* _Problem statement_:
Return only the lines below starting at the line containing "Compuesta por silla, love" and ending at the line containing "3月13日,北京冬奧組委副主", both included, exactly as they are and with no pictures.

* _Collection entries_:

-- -- --

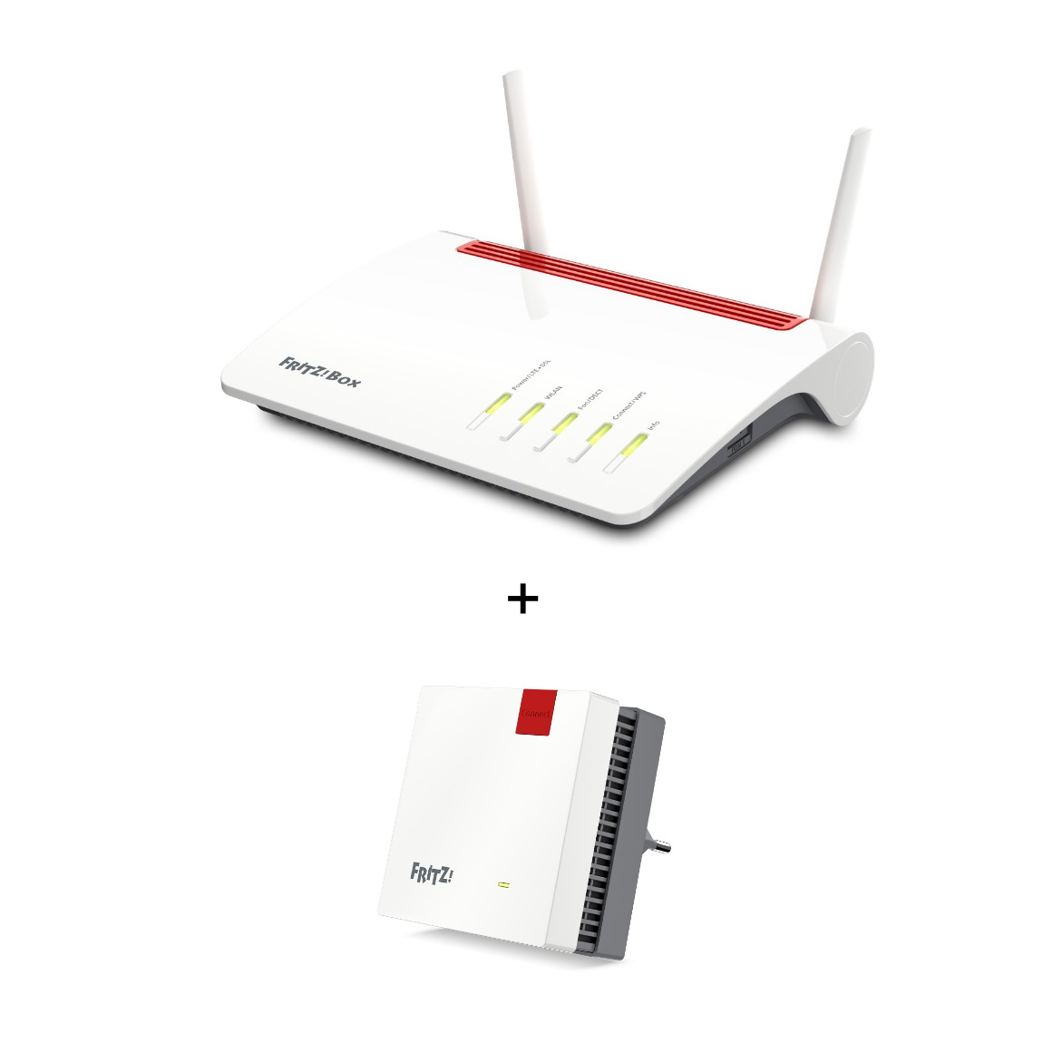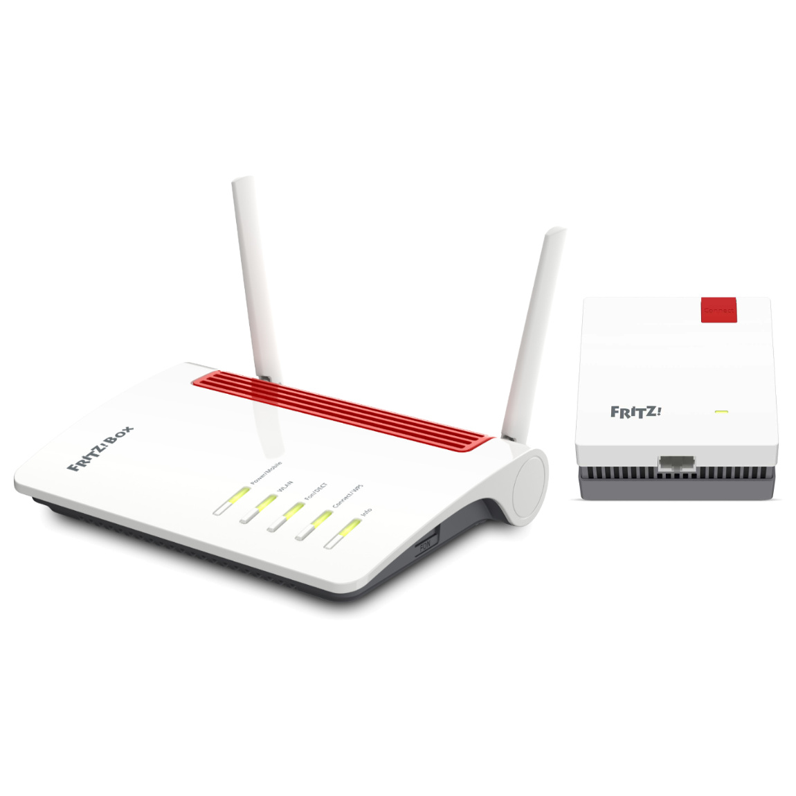 Verfügbarkeit: 1 Werktag - Kategorie: Router - AVM - GTIN:6095605999945 - Verstärke das Signal der AVM FRITZ!Box 7590 AX mit einem FRITZ!Repeater 1200 AX, um in deiner großen Wohnung oder zwei Etagen deines Hauses bequem im Internet zu surfen. Bei der FRITZ!Box handelt es sich um einen Wi-Fi 6-Router, dessen Signal du mit dem Repeater unkompliziert mehr Reichweite verschaffst. Dank der höheren Geschwindigkeit des Repeaters, streamst du so gelegentlich auch ein Video. Weil im Router ein DSL-Modem integriert ist, versorgst du dein Zuhause mit einer stabilen Verbindung zum Internet und einem stabilen, hausinternen Netzwerk über ein und dasselbe Gerät. Mit WiFi-6 schließt bis zu 100 drahtlose Geräte an, ohne dass dein WLAN-Netzwerk langsamer oder instabiler wird. Die FRITZ!Box ist nicht nur ein Router, sondern auch eine komplette Telefonzentrale. Schließe zwei Festnetztelefone an oder verwende die integrierte DECT-Basisstation, um Telefone ohne Kabel zu verbinden. - 293,90 Euro bei coolblue - gefunden von billiger.de Dieses Bundle mit FRITZ!Box 5590 Fiber und Repeater 1200 AX ist ideal für Glasfaser-Anschlüsse und bietet ein leistungsstarkes Wi-Fi 6 Netzwerk. ![]() ![]() FRITZ!Box 5590 Fiber + FRITZ!Repeater 1200 AX Bundle mit WiFi 6 Router und WiFi 6 Repeater
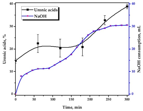 Figure 2 depicts the kinetics of 0.1 M NaOH consumption and the uronic acid content, formed by the strong acid hydrolysis of the reaction media in the course of the TEMPO-catalyzed oxidation.
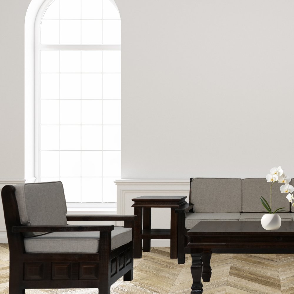 Compuesta por silla, love seat y sofá, su estructura está fabricada con madera sólida que garantiza durabilidad, mientras que los cojines removibles y lavables ofrecen practicidad y confort para el día a día.
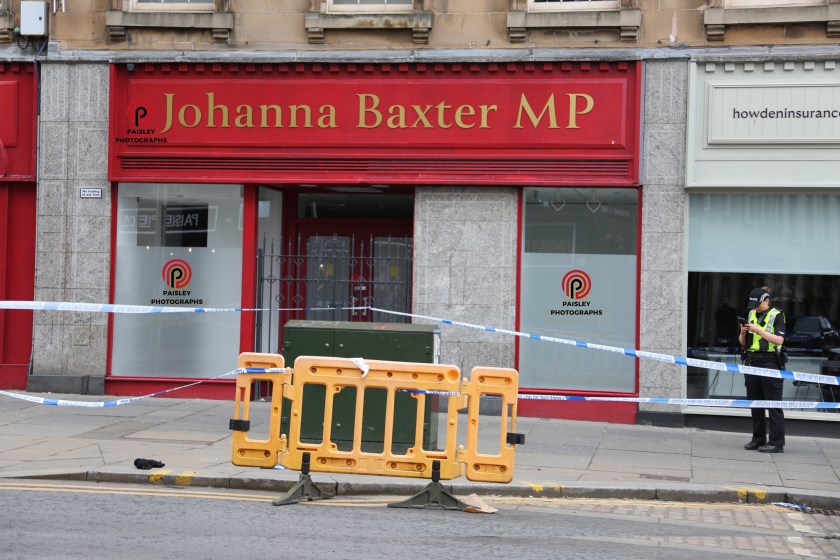 Police sealed off part of Causeyside Street in Paisley town centre this afternoon following an altercation outside the offices of Labour MP Johanna Baxter. The office was closed at the time of the incident.
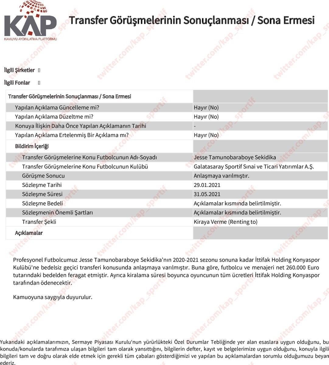 Sarı-kırmızılı kulüpten KAP'a yapılan açıklamada "Profesyonel Futbolcumuz Jesse Tamunobaraboye Sekidika'nın 2020-2021 sezonu sonuna kadar İttifak Holding Konyaspor Kulübü'ne bedelsiz geçici transferi konusunda anlaşmaya varılmıştır. Buna göre, futbolcu ve menajeri net 260.000 Euro tutarındaki bedelden feragat etmiştir. Ayrıca kiralama süresi boyunca oyuncunun tüm ücretleri İttifak Holding Konyaspor tarafından ödenecektir. Kamuoyuna saygıyla duyurulur." ifadelerine yer verildi.
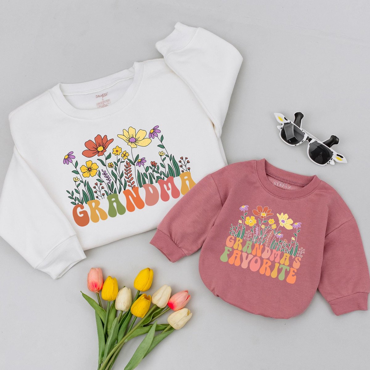 Personalized Grandma And Grandma’s Favorite Flower SweatshirtGift For Grammy Grandchild Newborn B 189
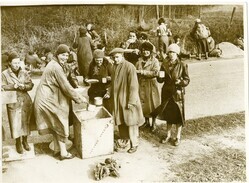 Scope and ContentBlack and white photograph captioned: Women hunger marchers take a meal. A group of women on either side of a road are preparing and eating a meal
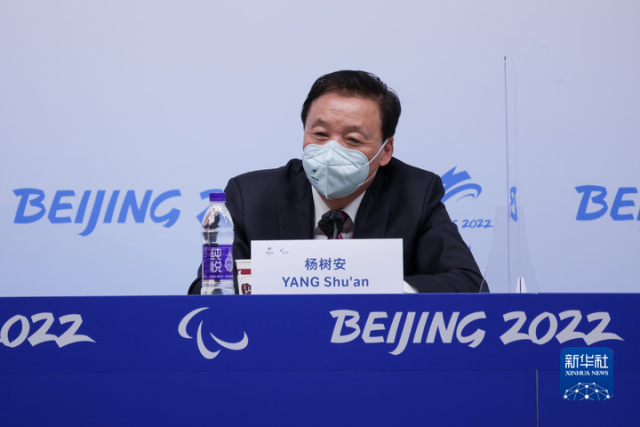 3月13日,北京冬奧組委副主席楊樹安在北京冬奧組委在北京冬殘奧會(huì)主新聞中心召開的賽事總結(jié)新聞發(fā)布會(huì)上發(fā)言。新華社記者許雅楠攝
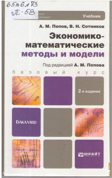 Данный учебник является частью обучающего комплекса, в который также входят книги А. М. Попова и В. Н. Сотникова «Высшая математика для экономистов» и «Теория вероятностей и математическая статистика». Учебник подготовлен в соответствии с Государственным образовательным стандартом высшего профессионального образования по дисциплине «Математика» для экономических специальностей. В нем изложены основные разделы математических методов и моделей в экономике в соответствии с дидактическими блоками Госстандарта. Для студентов и аспирантов экономических направлений и специальностей.
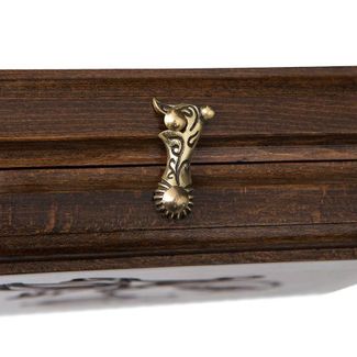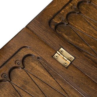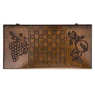 Сама доска изготовлена из прочной древесины, которая точно прослужит долгое время. Она покрывается слоем лака, который защищает от влажности и трещин, а дополнительно придает блеска. На внешней стороне вырезан красивый рисунок, причем – полностью ручным способом, с применением простейших инструментов. Для тех, кто любит игры попроще предусмотрено поле для шашек, в которые можно играть при помощи комплектных фишек. В комплекте также имеется чехол, который поможет обезопасить доску от налипания грязи во время переноса.
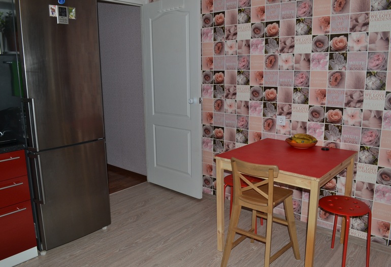 Площадь кухни 10 кв.м. Длина кухонного гарнитура 4,5 места, угловая (3,1 м по одной стене и 1,4 м по другой стене+холодильник).
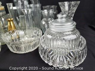 Lot Details: Includes vases, canisters, some crystal and more.
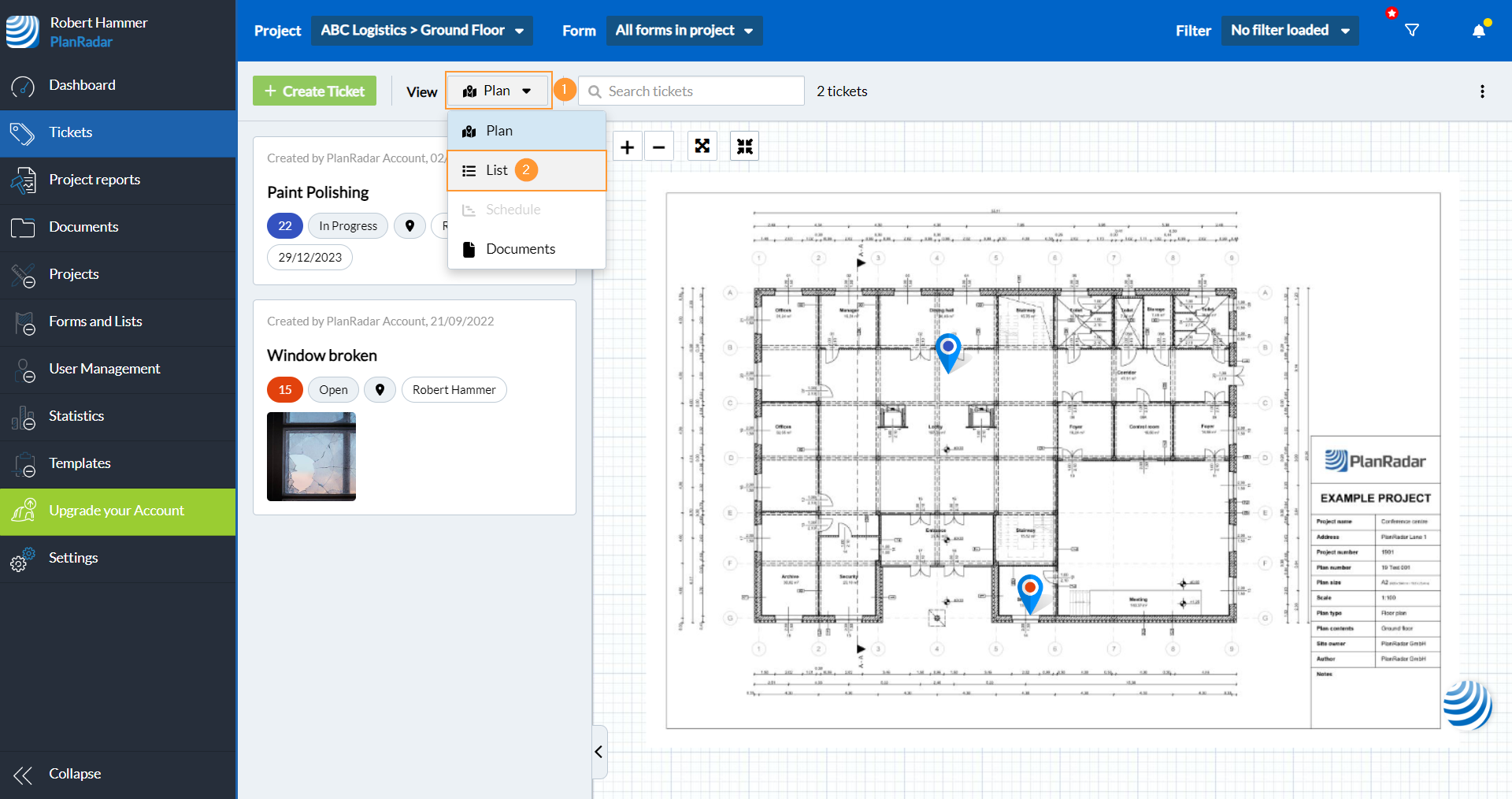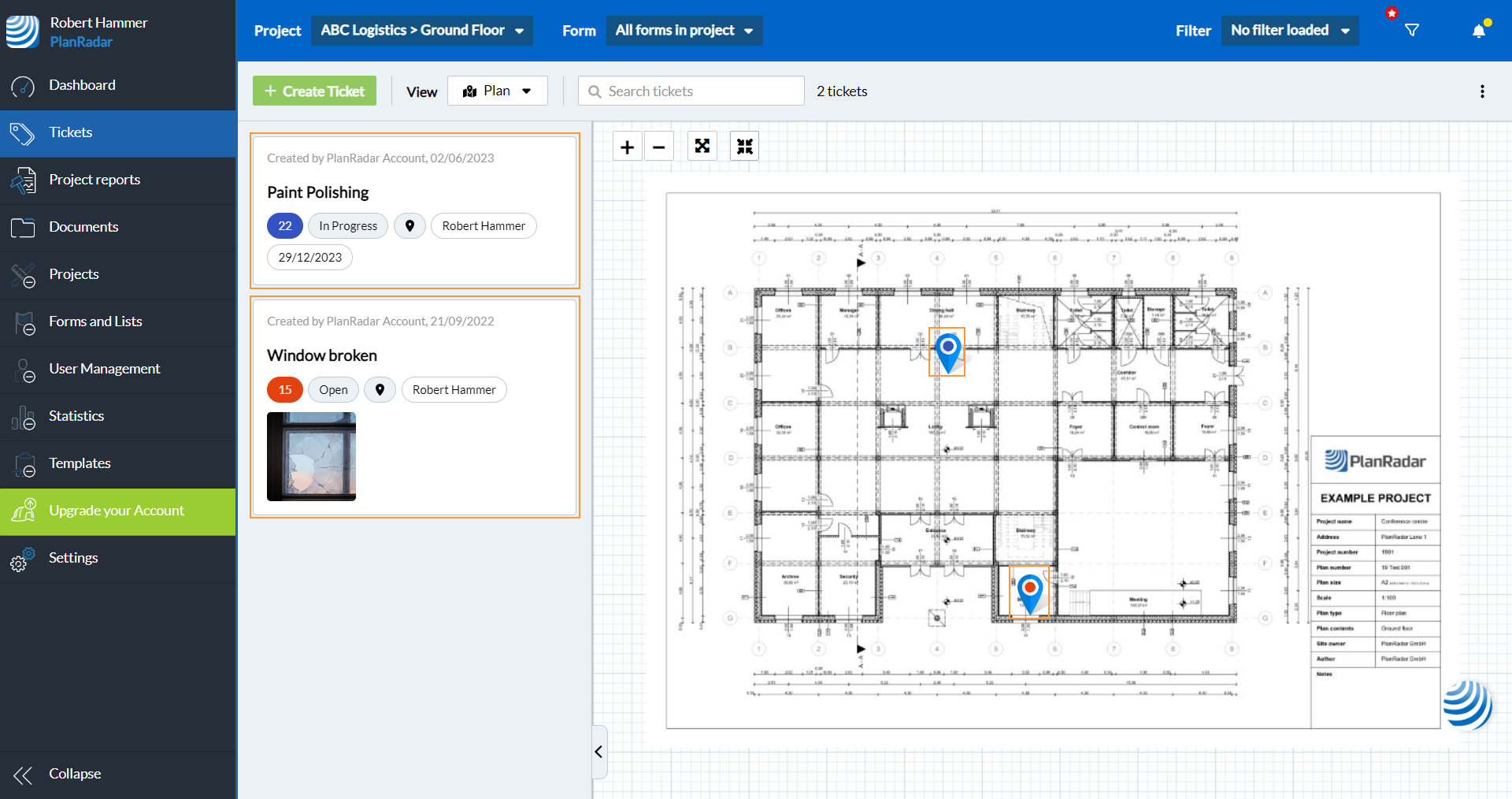 La empresa que te invitó a trabajar en un proyecto de PlanRadar ya lo tiene todo configurado. Lo más probable es que alguien ya te haya asignado tickets para resolver.
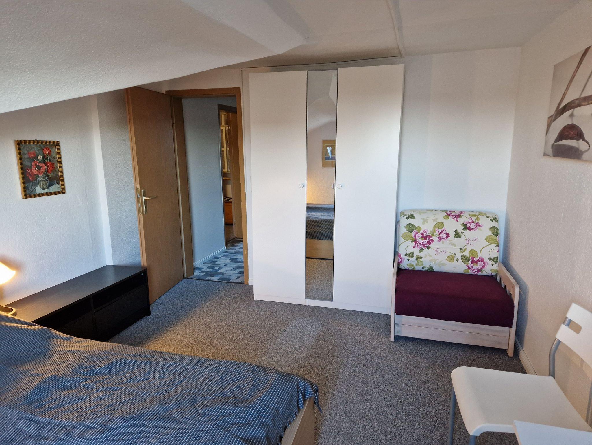 • I Schlafzimmer: Doppelbett mit zwei 80x200 cm Matratze, Kleiderschrank, Nachttische mit Lampe, Schlafsessel mit 80x200 cm, Schreibtsich mit Stuhl, Flachbild-TV
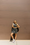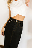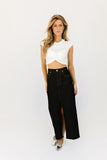 - paired with our make way denim maxi skirt // black + mary denim mini dress
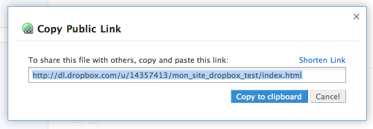 Ainsi mon URL, http://dl.dropbox.com/u/14357413/mon_site_dropbox_test/index.html, donné par Dropbox se résume à : http://tourl.fr/apnm. Beaucoup plus simple non ?
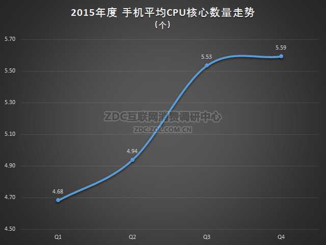 从手机平均CPU数量走势来看,2015年度手机平均CPU核心数量从4.68上升至5.59,Q3增长加速,Q3上升走势趋缓。
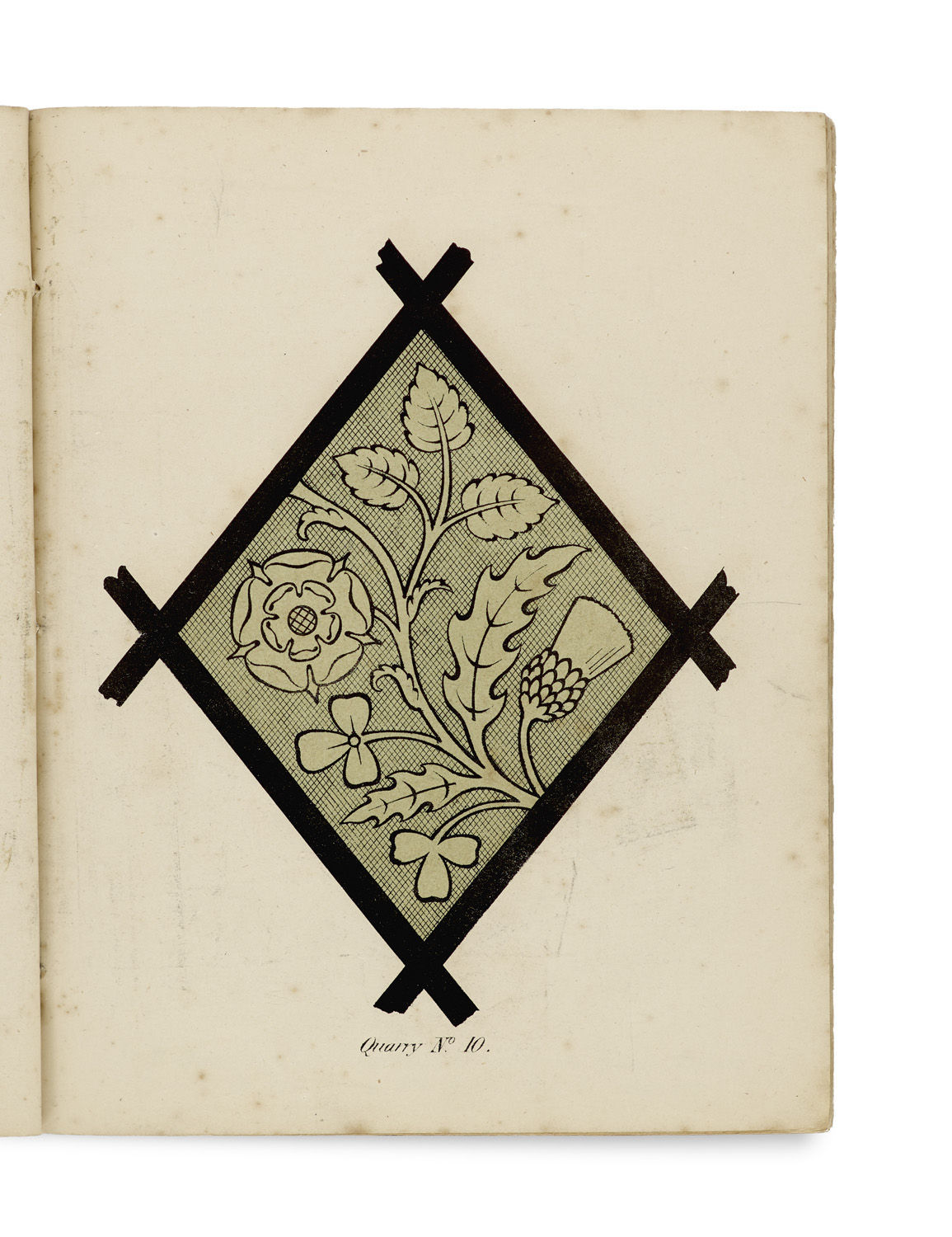 (Chance Brothers & Co). Patterns of Quarries and borders. Musterkatalog mit 27 nn. chromolithogr. illustr. Blätter. o.O. (Birmingham) u. Dr., 1853. Gr.-8°. Marmor. HLwd. mit mont. Deckeltitel (etw. berieben u. bestoßen, Lwd. gering fleckig).

-- -- --

* _Answer to this exercise_:
 Compuesta por silla, love seat y sofá, su estructura está fabricada con madera sólida que garantiza durabilidad, mientras que los cojines removibles y lavables ofrecen practicidad y confort para el día a día.
 Police sealed off part of Causeyside Street in Paisley town centre this afternoon following an altercation outside the offices of Labour MP Johanna Baxter. The office was closed at the time of the incident.
 Sarı-kırmızılı kulüpten KAP'a yapılan açıklamada "Profesyonel Futbolcumuz Jesse Tamunobaraboye Sekidika'nın 2020-2021 sezonu sonuna kadar İttifak Holding Konyaspor Kulübü'ne bedelsiz geçici transferi konusunda anlaşmaya varılmıştır. Buna göre, futbolcu ve menajeri net 260.000 Euro tutarındaki bedelden feragat etmiştir. Ayrıca kiralama süresi boyunca oyuncunun tüm ücretleri İttifak Holding Konyaspor tarafından ödenecektir. Kamuoyuna saygıyla duyurulur." ifadelerine yer verildi.
 Personalized Grandma And Grandma’s Favorite Flower SweatshirtGift For Grammy Grandchild Newborn B 189
 Scope and ContentBlack and white photograph captioned: Women hunger marchers take a meal. A group of women on either side of a road are preparing and eating a meal
 3月13日,北京冬奧組委副主席楊樹安在北京冬奧組委在北京冬殘奧會(huì)主新聞中心召開的賽事總結(jié)新聞發(fā)布會(huì)上發(fā)言。新華社記者許雅楠攝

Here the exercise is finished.